It can happen that all the possible outcomes don’t have the same probability, but there are a few non-negotiable rules. A probability is always a number between 0 and 1. An event that never occurs has probability 0; an event that always occurs has probability 1. If I find a coin with two “heads” sides, and I flip it, it shows “heads” with probability 1 and “tails” with probability 0. Moreover, the sum of all the probabilities of all the possible outcomes of a given experience sums to 1. If I have $k$ events that have the same probability, we indeed have $\displaystyle k \times \frac 1 k = 1$. If I have a die with three sides 1, two sides 2 and one side 3, the probability that it shows 1 is $\displaystyle \frac 3 6$, the probability that it shows 2 is $\displaystyle \frac 2 6$, and the probability that it shows 3 is $\displaystyle \frac 1 6$; the sum of all these is $\displaystyle \frac 3 6 + \frac 2 6 + \frac 1 6 = 1$.

Now it gets a bit trickier. What is the probability that a (regular) 6-sided die shows 3 or 5? Well, the probability that it shows 3 is $\displaystyle \frac 1 6$; the probability that it shows 5 is $\displaystyle \frac 1 6$, and the probability that it shows 3 or 5 is $\displaystyle \frac 1 6 + \frac 1 6 = \frac 1 3$. But summing the individual probabilities only works if the events are exclusive, that is to say they cannot both be true at the same time: if I rolled a 5, then I can’t have a 3, and vice-versa.

It does not work if two events can both occur at the same time (non-exclusively).
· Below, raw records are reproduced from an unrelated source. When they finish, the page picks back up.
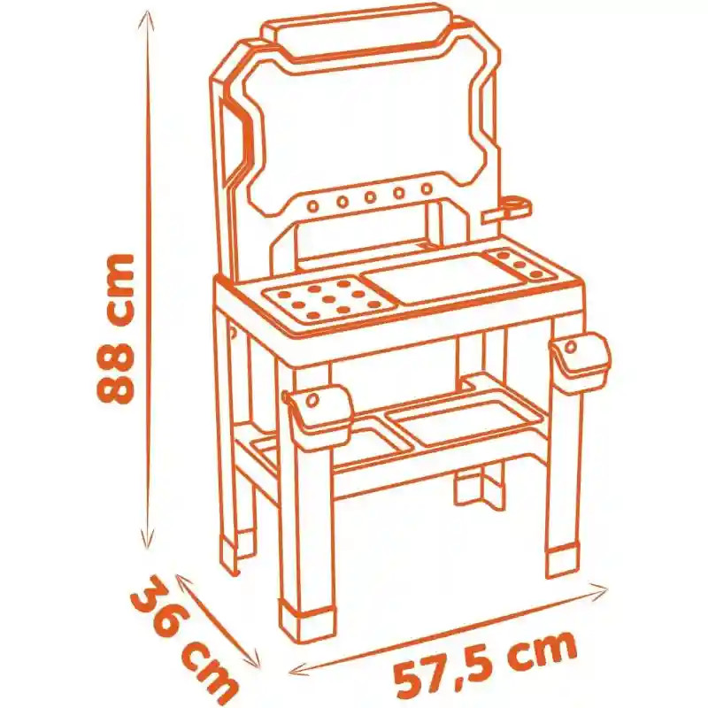 A Smoby Black & Decker Bricolo játék szerelőasztal minden kis ezermester álma, tele szerszámokkal és izgalmas kiegészítőkkel, amelyekkel órákig tartó kreatív játék garantált. Fűrész, kalapács, csavarhúzó, fogó, villáskulcs, derékszög és satu, minden megvan, ami a nagy munkákhoz kell! Csavarok, építőlemezek és sok más kiegészítő, amivel a gyerekek építhetnek, szerelhetnek és fantáziájukat használva új alkotásokat hozhatnak létre. A tágas tárolófelületek, két tárolódoboz és a szerszámfal segítenek, hogy minden szerszámnak meglegyen a helye, így a műhely mindig rendezett marad. A munkapad 70%-ban újrahasznosított műanyagból készült, Franciaországban, így nemcsak szórakoztat, hanem a környezetet is védi. Szuper ajándék minden 3 év feletti kis barkácsmester számára, aki szeretne saját műhelyben alkotni és szerelni! A munkafelület magassága kb. 50 cm. A termék összeszerelést igényel.
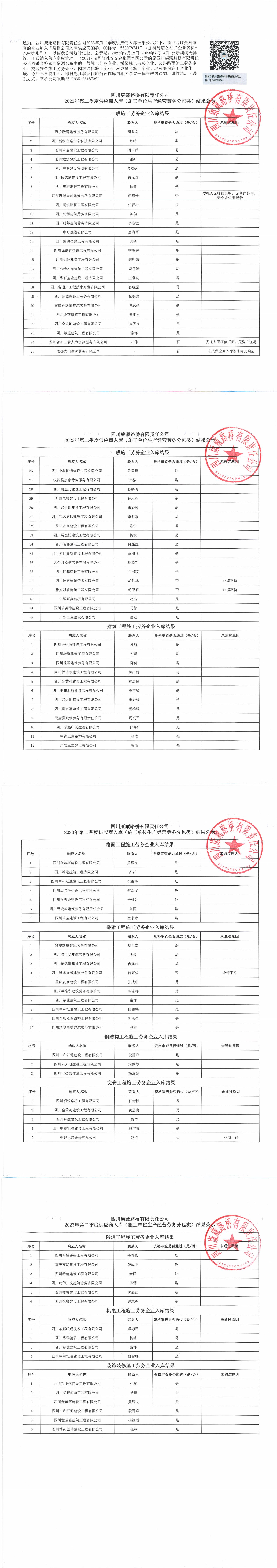 四川康藏路橋有限責(zé)任公司2023年第二季度供應(yīng)商入庫(kù)(施工單位生產(chǎn)經(jīng)營(yíng)勞務(wù)分包類)結(jié)果公示
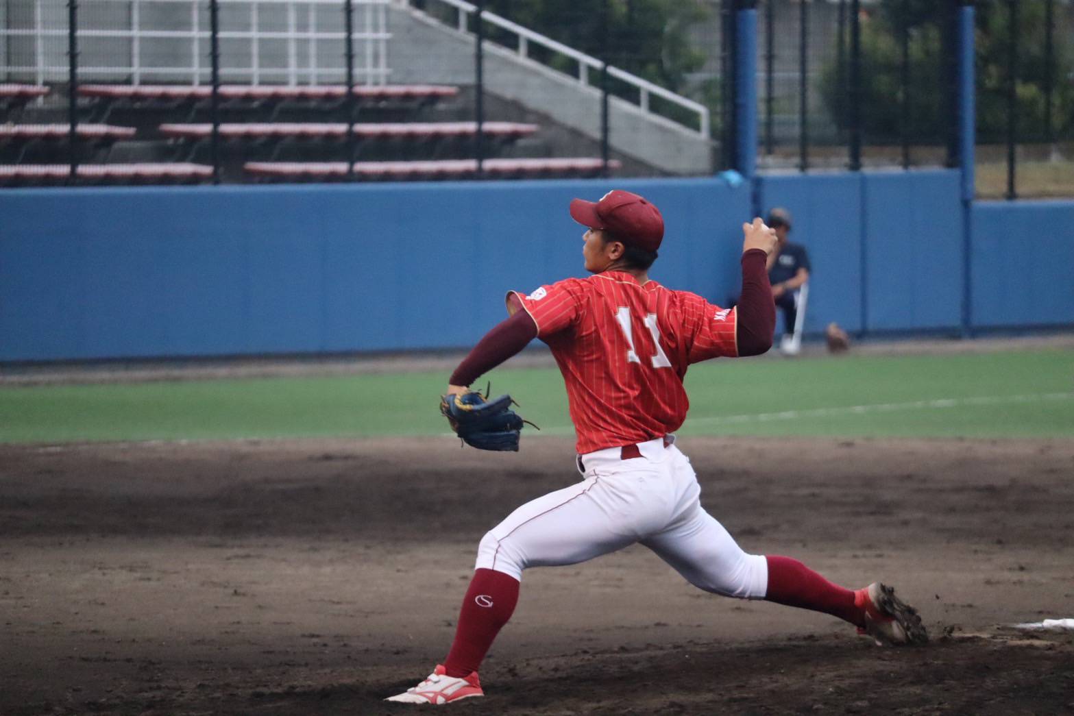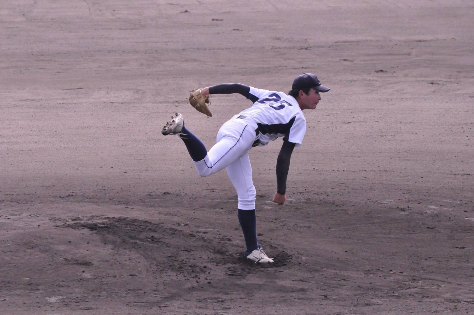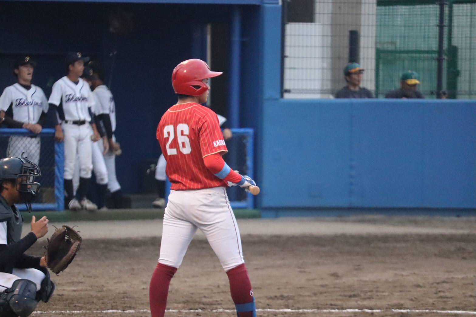 秋季リーグ戦の5週目の第2戦。ここまで2勝と苦しむ四学大と波にのりたい徳島大との試合。3回裏徳島大の攻撃、1番畑野(1年:東海大仰星)が四球で出塁し相手のエラーで先制する。反撃したい四学大は、5回表6番岡田(2年:高松商)が四球で出塁し、8番桃原(2年:コザ)のヒットでチャンスを広げ、9番喜屋武(3年:KBC未来沖縄学園)の犠牲フライで1点をかえす。その後、両者得点を奪えずタイブレークに入る。10回表四学大の攻撃、代打中野(3年:明徳義塾)のバントでチャンスを広げると、四死球やエラーで4点を追加に成功する。その裏徳島大の攻撃は、4番柿木(4年:姫路飾西)の初球に新鞍(2年:志度)の暴投により1点を返す。逆転したい徳島大だが新鞍(2年:志度)の好投により四学大が勝利した。

For instance, consider that flip a coin and roll a die, and I look at the probability that the coin lands on tails or that the die lands on 6. Then I CANNOT say that it’s equal to the probability of the coin landing on tails – $\displaystyle \frac 1 2$ -, plus the probability that the die lands on 6 – $\displaystyle \frac 1 6$ – for a total of $\displaystyle \frac 2 3$. A way to see that is to tweak the experiment a bit to see that it doesn’t work all the time. For example, the probability that the die lands on 1,2, 3 or 4 is $\displaystyle \frac 4 6 = \frac 2 3$. The probability that the coin lands on tails is $\displaystyle \frac 1 2$. And it’s not possible that the combined probability of these two events (the die lands on 1, 2, 3 or 4, or the coin lands on tails) is the sum of both probabilities, because that would yield $\displaystyle \frac 2 3 + \frac 1 2 = \frac 7 6$, which is greater than 1. (And a probability is always less or equal to 1).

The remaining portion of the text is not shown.